● GIVEN INFORMATION
>>

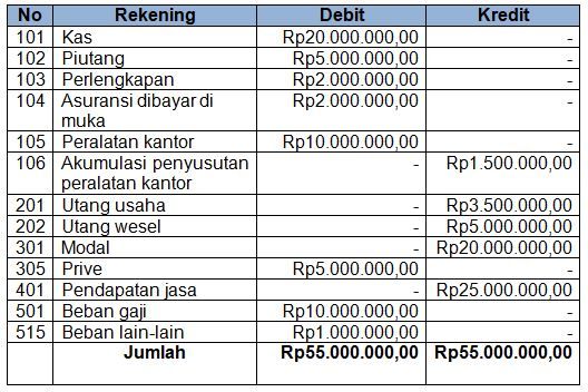 Berikut ini merupakan neraca saldo rekening-rekening perusahaan jasa konsultan
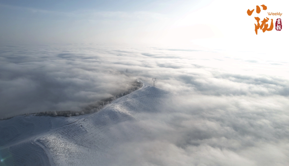 從高處俯瞰,白色的云海在大地上空翻騰涌動,時而聚攏,時而消散,田園、村莊在云霧中時隱時現,如夢如幻。
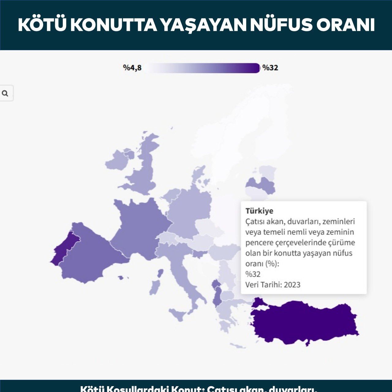 Gökce, sosyal medya üzerinden yaptığı paylaşımda, Türkiye'de konut kalitesinin her geçen yıl daha da kötüleştiğine dikkat çekti. TÜİK ve EuroStat verilerine göre, nüfusun yüzde 31,3’ü kötü koşullarda yaşamaya mahkûm olmuş durumda. Çatısı sızan, duvarları nem tutan, pencereleri çürüyen konutlar, milyonlarca vatandaşı her geçen gün daha kötü şartlarda yaşamaya zorluyor. Ayrıca, Türkiye’deki yurttaşların yüzde 30,2’si, yetersiz izolasyon nedeniyle ısınma sorunu yaşıyor. Ancak bu durum, dar gelirli vatandaşlar için çok daha zor. Dar gelirli yurttaşların yüzde 48,1’i kötü konutlarda yaşamaya mahkum.
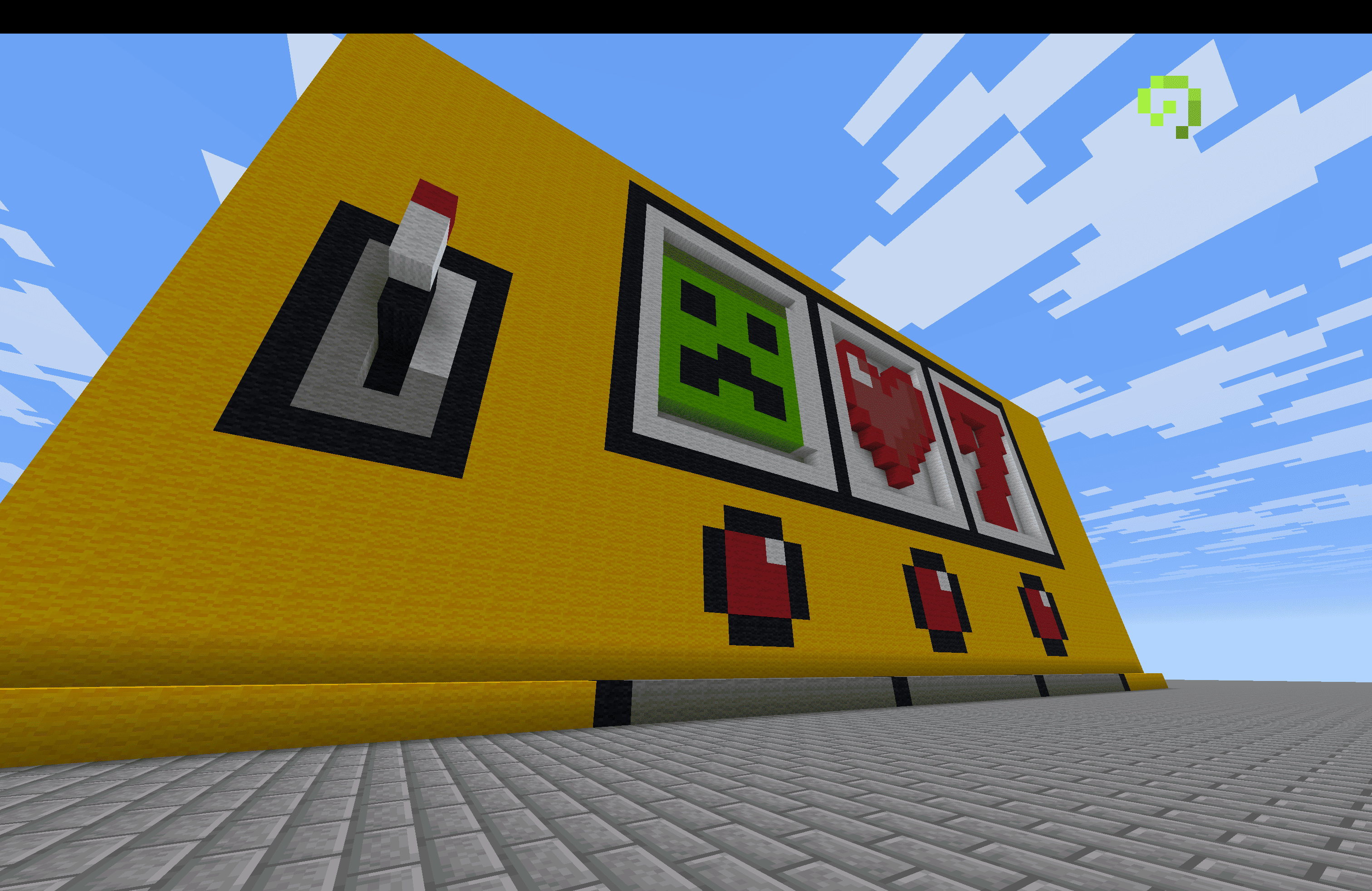 左上のHP(ハート)は、クリーパー、メテオ、ゾンビ、剣が出ると1減る

<<

● ACTIVITY
No picture is to be included when the lines from the one containing "從高處俯瞰,白色的云海在大地" through the end of the material above are output exactly; nothing else is written.

● REPLY
 從高處俯瞰,白色的云海在大地上空翻騰涌動,時而聚攏,時而消散,田園、村莊在云霧中時隱時現,如夢如幻。
 Gökce, sosyal medya üzerinden yaptığı paylaşımda, Türkiye'de konut kalitesinin her geçen yıl daha da kötüleştiğine dikkat çekti. TÜİK ve EuroStat verilerine göre, nüfusun yüzde 31,3’ü kötü koşullarda yaşamaya mahkûm olmuş durumda. Çatısı sızan, duvarları nem tutan, pencereleri çürüyen konutlar, milyonlarca vatandaşı her geçen gün daha kötü şartlarda yaşamaya zorluyor. Ayrıca, Türkiye’deki yurttaşların yüzde 30,2’si, yetersiz izolasyon nedeniyle ısınma sorunu yaşıyor. Ancak bu durum, dar gelirli vatandaşlar için çok daha zor. Dar gelirli yurttaşların yüzde 48,1’i kötü konutlarda yaşamaya mahkum.
 左上のHP(ハート)は、クリーパー、メテオ、ゾンビ、剣が出ると1減る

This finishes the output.